Listed entries Block Start

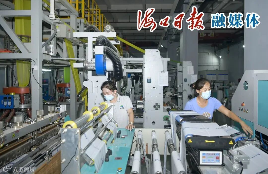 位于海口国家高新区的中科信晖(海南)新材料科技有限公司,工作人员正操作制袋机生产可降解连卷袋。海口日报融媒体记者 康登淋 摄
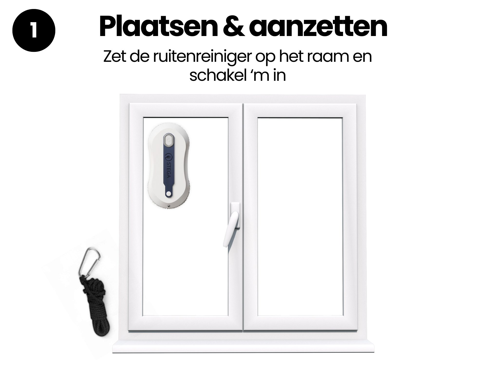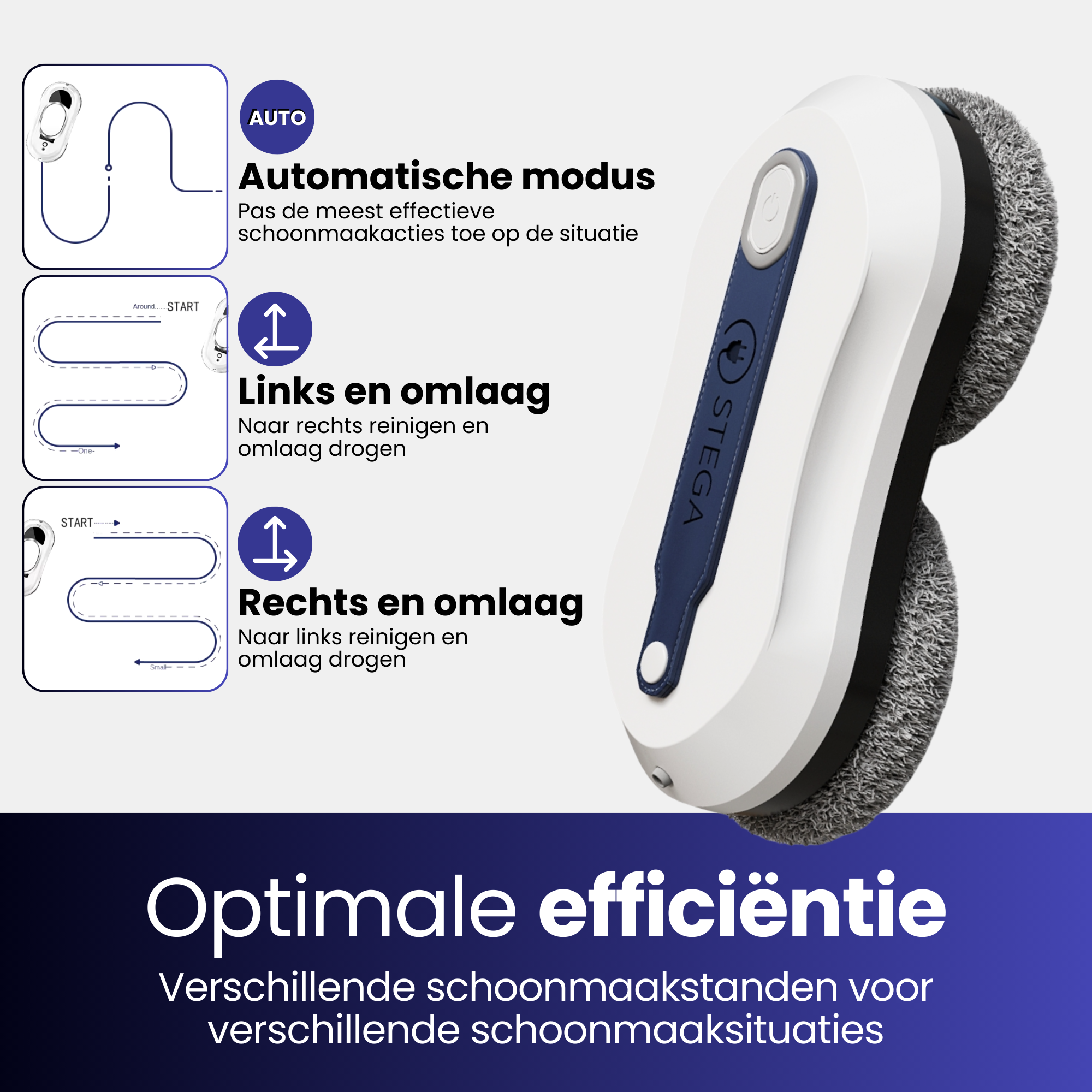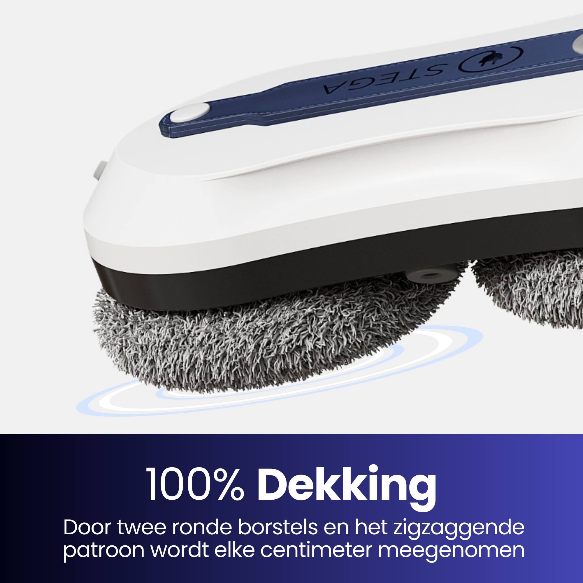 The STEGA Automatic Window Cleaner SCR-02 guarantees 100% coverage thanks to the two rotating brushes and a smart zigzagging pattern. This ensures that every surface is completely cleaned without spots or streaks. Maximum efficiency for crystal clear windows!
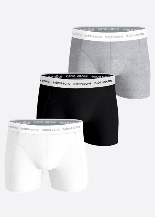 Björn Borg vīriešu bokseršortu komplektā ir trīs pāri no kokvilnas ar elastānu. Audums ir mīksts un labi elpo, viduklī ir elastīga josta, bet piegriezums cieši un stabili pieguļ, lai tie labi derētu ikdienas valkāšanai.
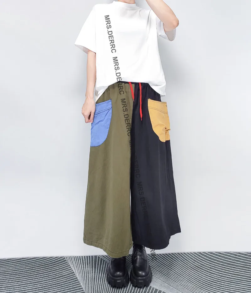 挺棉撞色拼接開扣半鬆緊口袋寬褲(黑色)
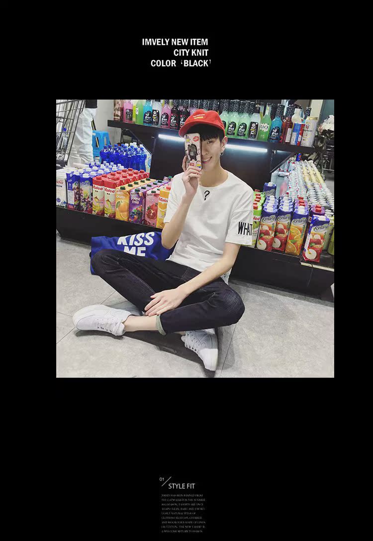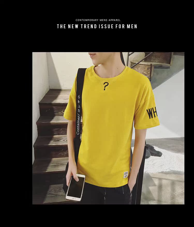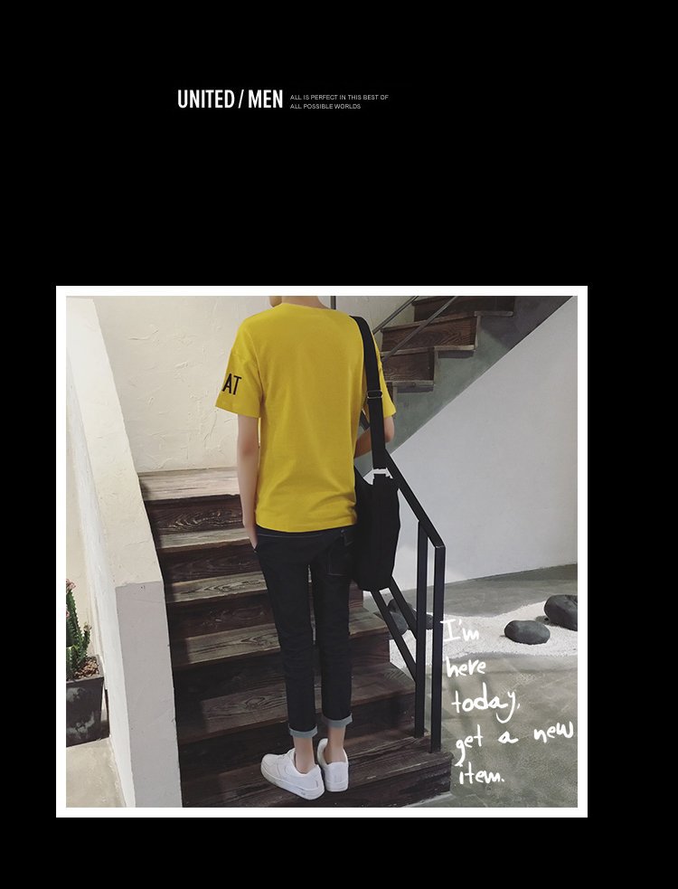 2016夏季新款男士韩版修身短袖T恤青少年字母
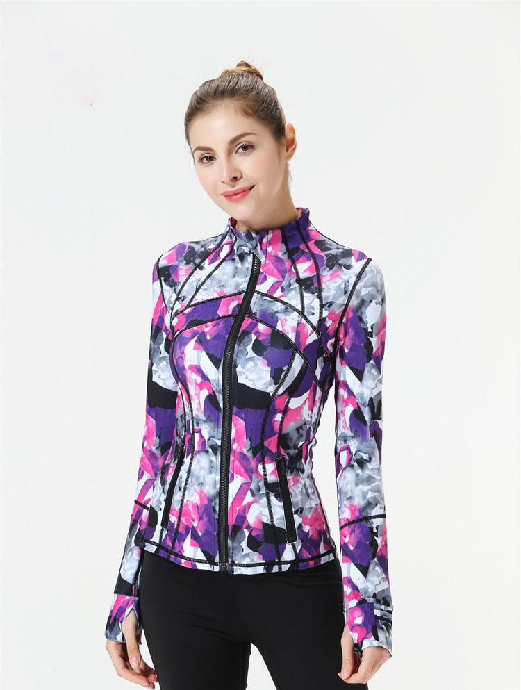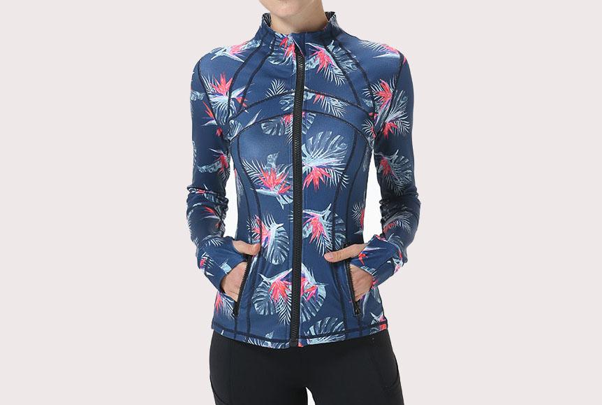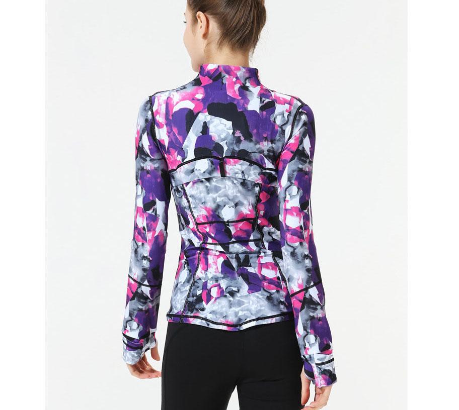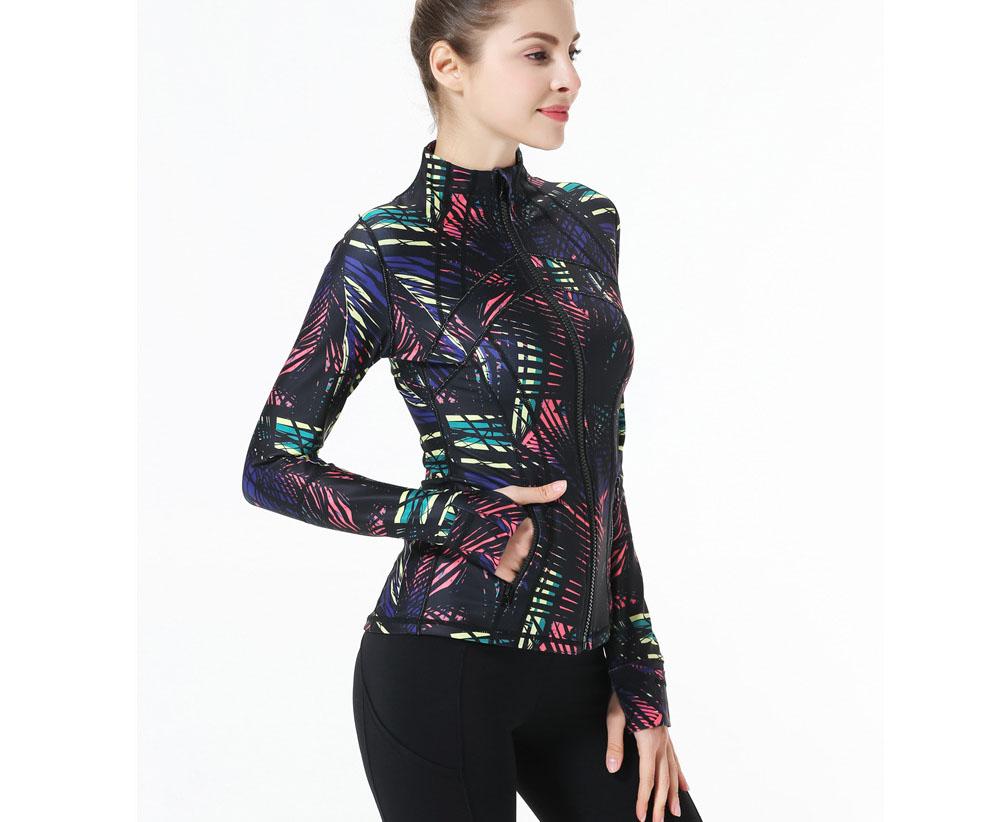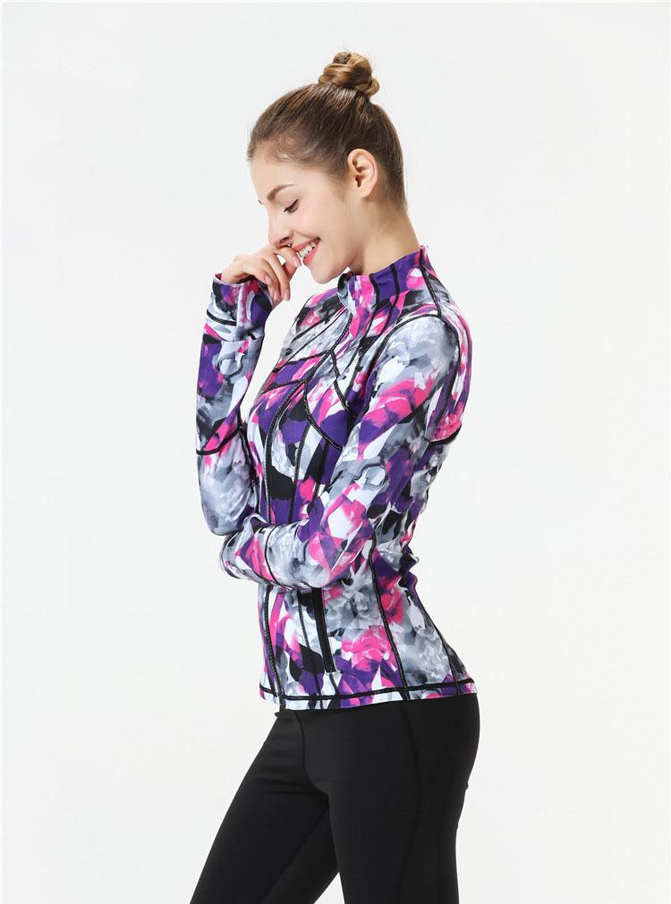 Zipper Up Printed Quick Dry Stretch Yoga Top

Listed entries Block End

*Aim of the task*
Write out the lines from the start of the material to the line with "The STEGA Automatic", inclusive and exactly. Skip the pictures.

*Task result*
 位于海口国家高新区的中科信晖(海南)新材料科技有限公司,工作人员正操作制袋机生产可降解连卷袋。海口日报融媒体记者 康登淋 摄
 The STEGA Automatic Window Cleaner SCR-02 guarantees 100% coverage thanks to the two rotating brushes and a smart zigzagging pattern. This ensures that every surface is completely cleaned without spots or streaks. Maximum efficiency for crystal clear windows!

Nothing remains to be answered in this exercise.